I would think you should find the answers of the variables in the matrix and see how many time that value can occur on the specific graph. Say you get x to be 0.5, how many times can sin(α) on the graph be equal to 0.5... Well that is how I would approach this. Might be wrong but thought you would appreciate any feedback...

4. Nov 29, 2012

### icesalmon

Re: matrix

x, y, z are variables that make the system linear, so ones I can use to row reduce the matrix after the substitution.

What I did was plug the common angles into the functions sin(alpha) cos(beta) tan(gamma), 0pi, pi/4, pi/2, 3pi/4, pi, 5pi/4 3pi/2, 7pi/4, 2pi, pi/6, pi/3, 2pi/3, 5pi/6, , 7pi/6, 4pi/3, 5pi/3, 11pi/6 but these aren't even solutions, they are values to the trig functions so i'm not sure what I did makes any sense. Let me try row reducing this, after all that's how I find solutions to any other matrix I work with.

and as expected, the trivial solution. I guess this is either solution #1 or solution #18

Last edited: Nov 29, 2012
5. Nov 30, 2012

### Staff: Mentor

Re: matrix

No one else seems to have noticed this, so I'll mention it. Your work above is incorrect.

When you have a homogeneous system (all constants on the right side are zero), you can omit that column in your augmented matrix.

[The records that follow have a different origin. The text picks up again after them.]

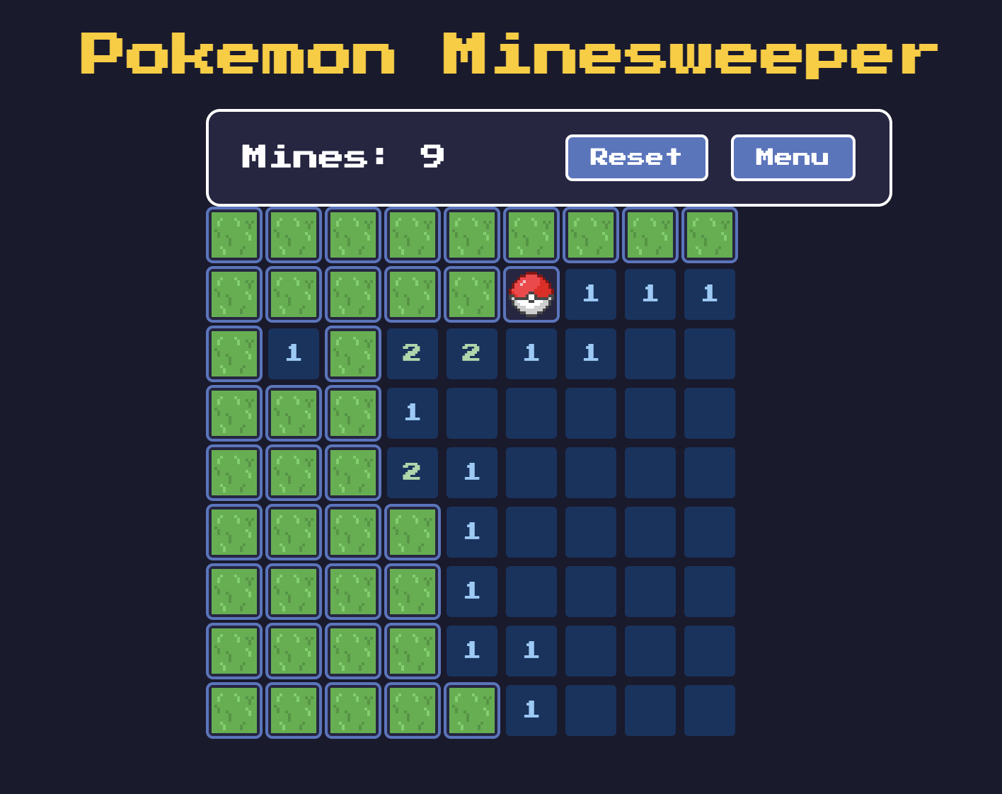The title is a tell-all! Instead of bombs, avoid the Pokémon hiding in the grass. Instead of flagging squares, placed down Pokéballs! The rest of Minesweeper's rules apply here. Bo
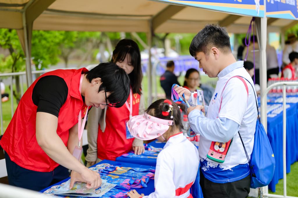 活动前夕,专业老师为志愿者们讲解乐跑活动整体流程、志愿服务礼仪规范、打卡点任务及安全自护等岗前培训。课堂上,志愿者们聚精会神,不时拿起手中的笔记录下要点。4月27日上午6时,冒着微凉的风,70位江大志愿者便已整装待发,坐上了前往工作岗位的大巴。到达主会场后,志愿者们便第一时间投入工作状态。发令枪响,乐跑活动正式开始,本次活动为增加趣味性,共设立3条线路,并分布跨越障碍、童趣赛车、国潮投壶等15处打卡点。随着选手们陆续进场,志愿者们也变得更加忙碌起来,分发补给、维持秩序、打卡点服务、发放奖牌……在乐跑活动的各个角落,都可以看到“马甲红”忙碌的身影,让选手们在享受运动的同时也能感受到贴心的关怀。
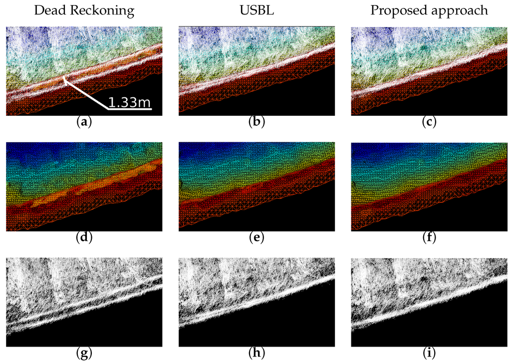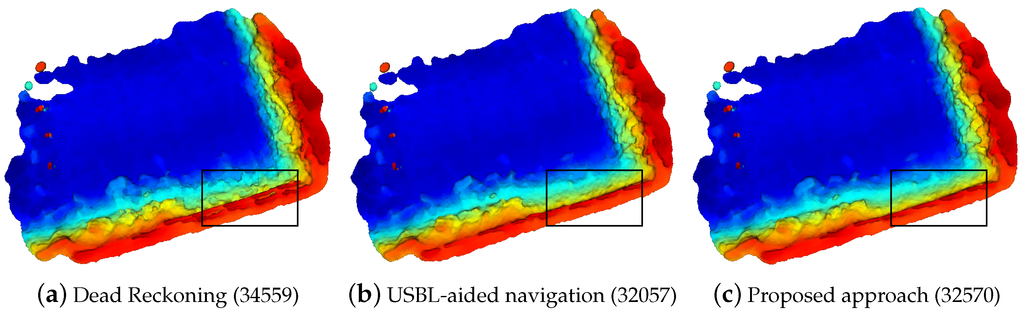 The top view of the 3D maps produced after the experiments are presented in Figure 12. There, three surfaces are created for different navigation methods: dead reckoning (Figure 12a), USBL-aided (Figure 12b) and the currently proposed algorithm (Figure 12c). Regarding the number of occupied cells, the proposed method occupies 32570 cells, 5.76% less than the dead reckoning model (34559) while the one aided by the USBL occupies 7.24% less cells (32057). Moreover, the black squares represented in each one of the views highlight the places where it is easier to observe the consistency of the map near to the harbor wall. This area is analyzed in detail in Figure 13. In the left column, the one corresponding to the dead reckoning navigation (views Figure 13a,d,g), clearly shows two parallel lines on the point clouds which correspond to the wall being observed during the first and second laps of the mission. In the other two columns, the one corresponding to the usbl navigation (views Figure 13b,e,h), and the one of the proposed SLAM algorithm (views Figure 13c,f,i) show a single wall, and, thus, a better agreement between the different scans. However, if the point cloud from the USBL navigation is analyzed in detail in the bottom left corner (see Figure 13h), there are still some residues of the two observations of the wall that do not appear in the one from the proposed approach.
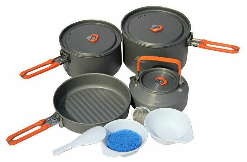 | Комплектация | миска (2 шт.), лопатка, котелок (2 шт.), сковорода, чайник, губка для мытья посуды, мешочек для транспортировки |
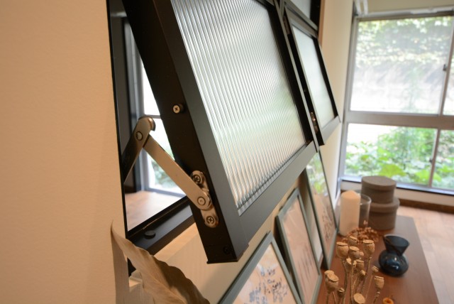 隣のお部屋との窓の波板ガラスも、レトロ感出してます。
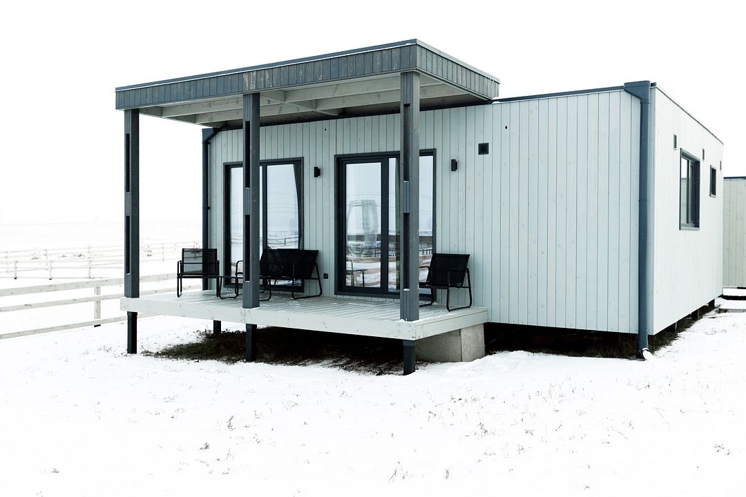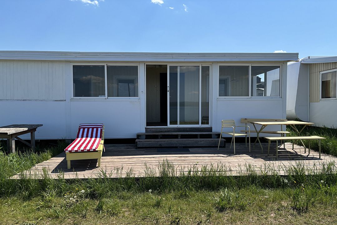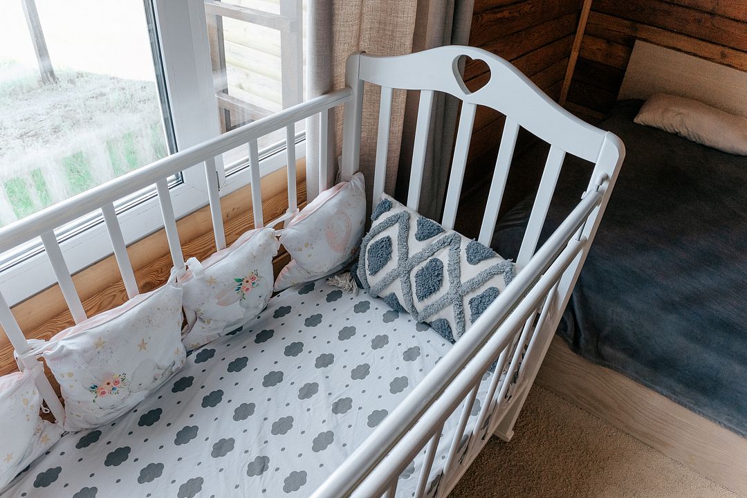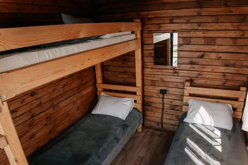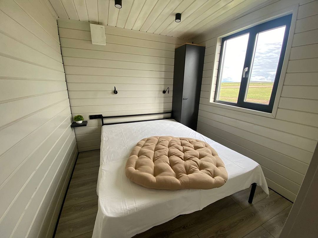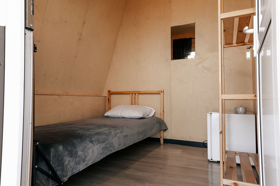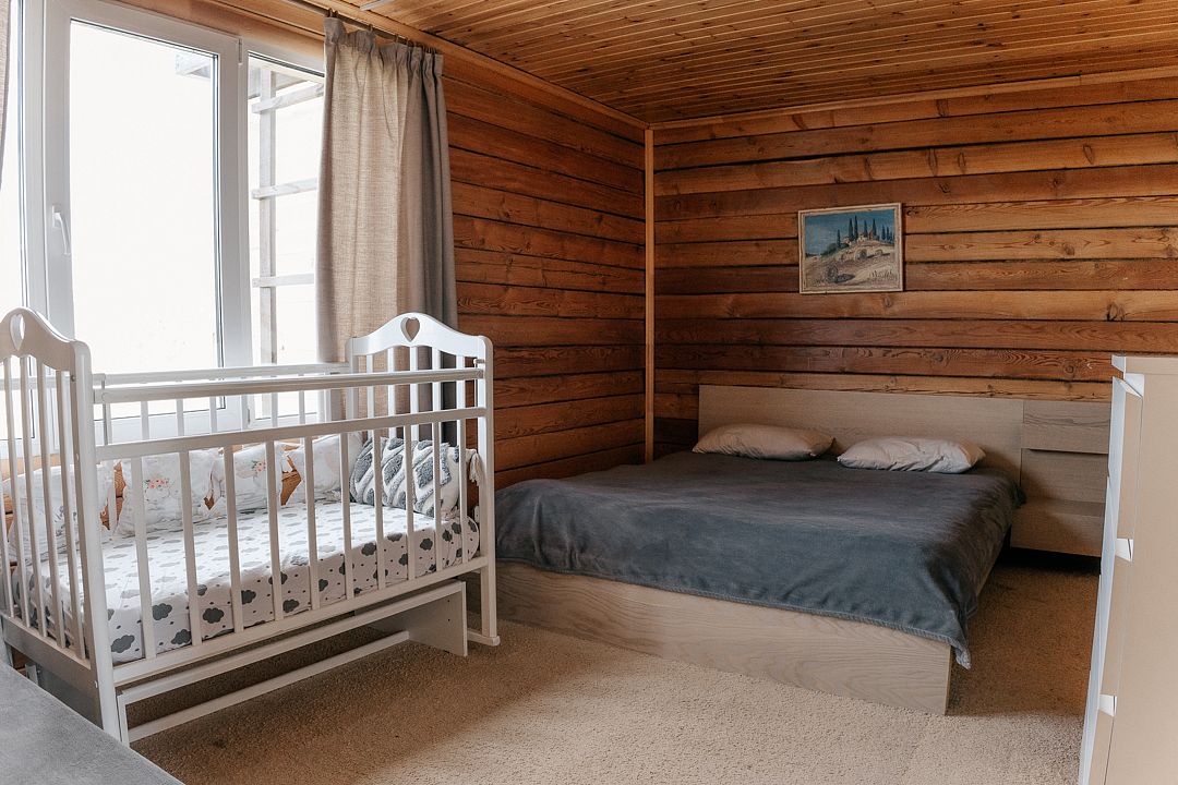 Домик идеально подходит для семейного отдыха с детьми. В комнате расположены большая двуспальная и одна двухъярусная кровати. Есть полки, зеркало, холодильник, комод и постельные принадлежности.

After all no matter what multiple of any row you add to any other row, the far right column will never have any values other than zero.

The matrix you started with --
$$\begin{bmatrix} 1 & 2 & 3 \\ 2 & 5 & 3 \\ 1 & 5 & -5\end{bmatrix}$$
-- row reduces to the identity matrix. (Note that I multiplied the 3rd row of your matrix by -1 to get the matrix above.

Given that the matrix reduces to I3, what does that say about your solution in terms of x, y, and z?

What does it say about the solution in terms of sin(α), cos(β), and tan(γ), given the constraints on α, β, and γ?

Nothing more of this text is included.